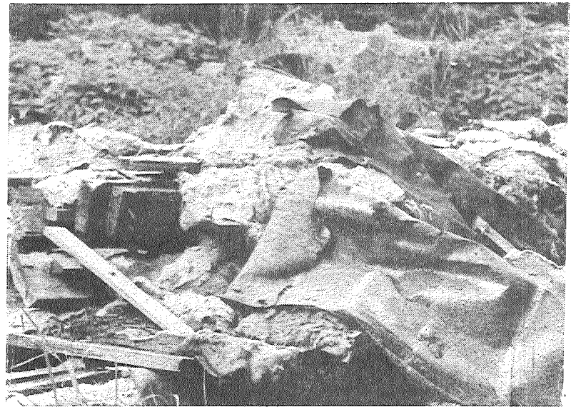
«Наши сердечки скука берет, Глазик Костяной, ты нам не поможешь! Ферму, вон, старую в Калнацких разрыли. Лес наш зарыли — фью, цо-цо-цо!»

Соловьи отвечают: «Ты из чащи-ка выглянь, дружок, Выйди на этот лужок, В чащу с хламом ведь не залезть-то, Фью — у, фью — у, фью, цо-цо-цо-цо.» Вышел. И сразу же рванул назад: наткнулся на кучу строймусора в перемешку со стекловатой и страшными предметами неопределяемого происхождения. Наткнулся на что-то другое. Перепугался, аж жуть: на самом верху виднелись сапоги. «Вот те на», —
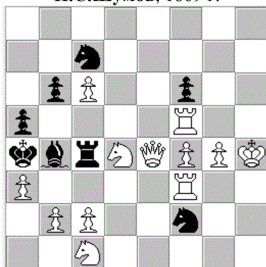
Диаграмма № 4 И.С.Шумов, 1869 г.

Но тема не исчерпывается и этим. Известна и другая композиция Шумова, изображающая якорь -
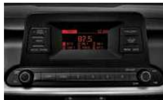
نظام صوت مدمج ذو شاشة عرض قياس 3.8 بوصات
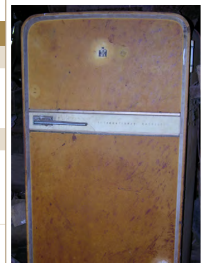
Les vieux appareils ménagers peuvent représenter un risque d'accident et un danger pour l'environnement.
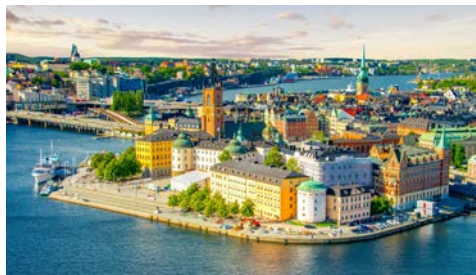
Blick auf Stockholm

Stockholm kann mit einer 750-jährigen Stadtgeschichte aufwarten. Ob Stadhuset, Stadthaus und Wahrzeichen, das königliche Schloss, die Kirche Storkyrkan oder das Vasa Museum – Stockholm hält jede Menge für seine Besucher bereit. Freuen Sie sich am Morgen auf eine informative Stadtrundfahrt. Natürlich statten Sie dann auch dem Kriegsschiff Vasa, gesunken 1628 auf seiner Jungfernfahrt, einen Besuch ab. Der Nachmittag steht Ihnen zur freien Verfügung.
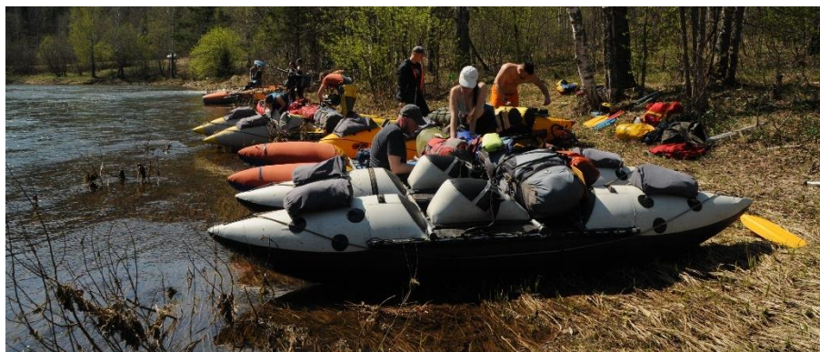
Фото 12. Стапель на Лемезе
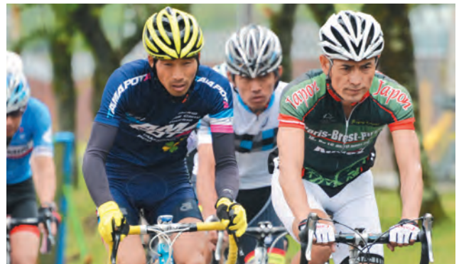
▲観光資源「富士山」を活用しての自転車レース (観光地域づくり推進業務)
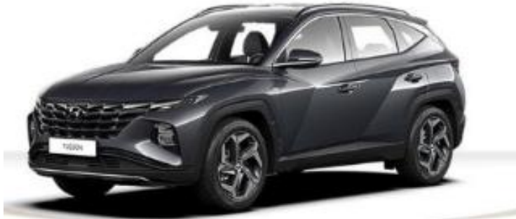
Abbildung ist als unverbindlich zu betrachten. Fahrzeugabbildungen enthalten z. T. aufpreispflichtige Sonderausstattungen.
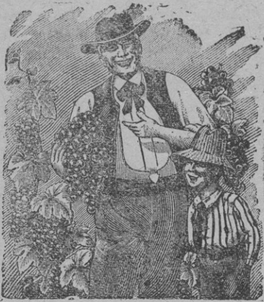
C'est aux Pépinières Girault que vous devez nos plus belles grappes.

Les plus beaux plants de vigne, meilleur marché que partout ailleurs, authenticité et sélection garanties.
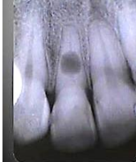
Figura 1 - Radiografia de diagnóstico mostrando reabsorção interna da raiz.

A paciente foi anestesiada com um tubete de Prilocaína com Felipressina, o dente foi isolado com dique de borracha e procedida a abertura técnica cirúrgica.
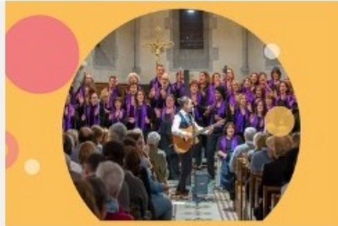
Avignon Gospel Time
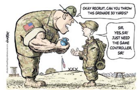
Our technologically disadvantaged armed forces

„Milý vojáku, jseš schopen hodit ten granát 30 yardů?“ „Ano pane, jistě pane, ale nebylo by jednoduší kdybych to udělal počítačem, pane!“ (Z amerického vojenského humoru)
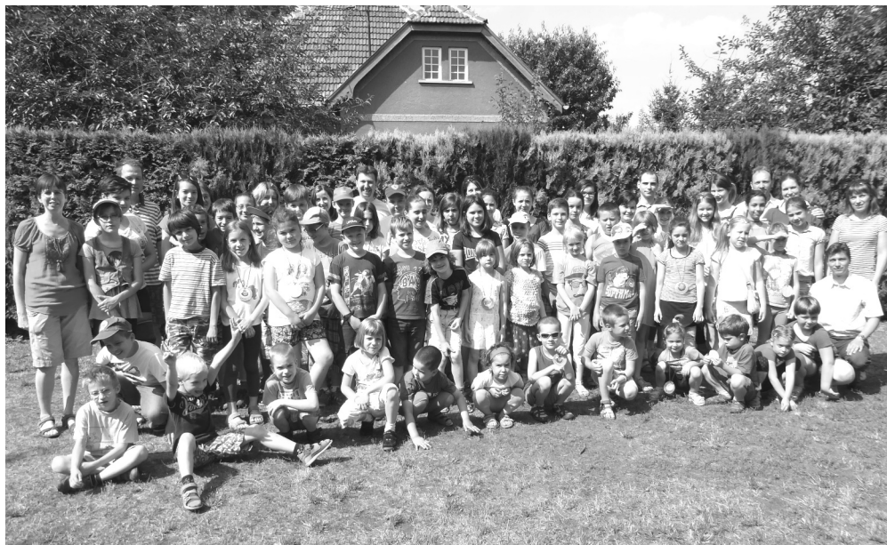
A 2015-ös hittantábor résztvevői
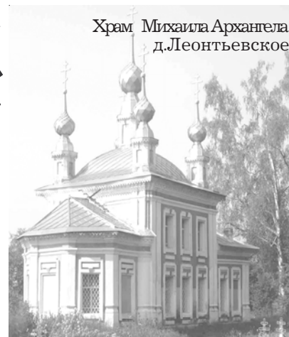
Храм Михаила Архангела д.Леонтьевское
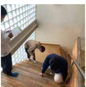
建築意匠(階段の実測)

1年後期から2年前期に履修する建築意匠では、建築物の要素に関する知識を学びます。日常的に使用する階段やトイレなどを実測し、調査・研究を行い、演習課題を通して計画・設計の方法を身につけます。理論・理想だけではなく、本物から得られる体験を設計に活かし、表現方法を学ぶことができます。
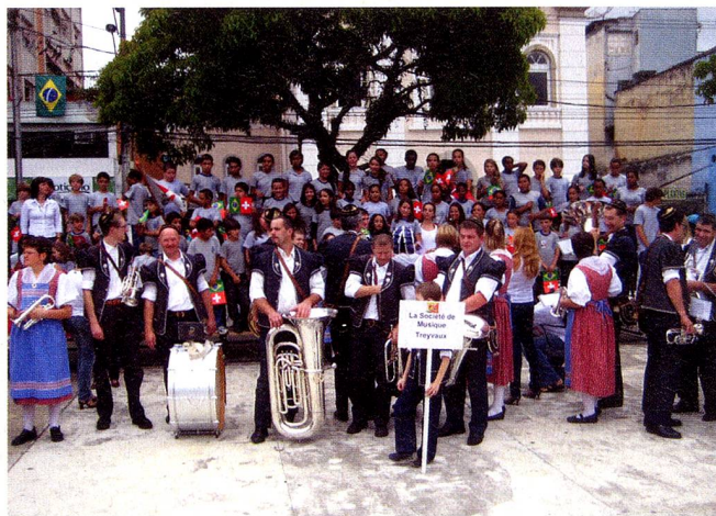
A Société de Musique de Treyvaux desfilou em trajes típicos.
++++
In the listing above, find each line containing "plus" and copy it.

C'est aux Pépinières Girault que vous devez nos plus belles grappes.
Les plus beaux plants de vigne, meilleur marché que partout ailleurs, authenticité et sélection garanties.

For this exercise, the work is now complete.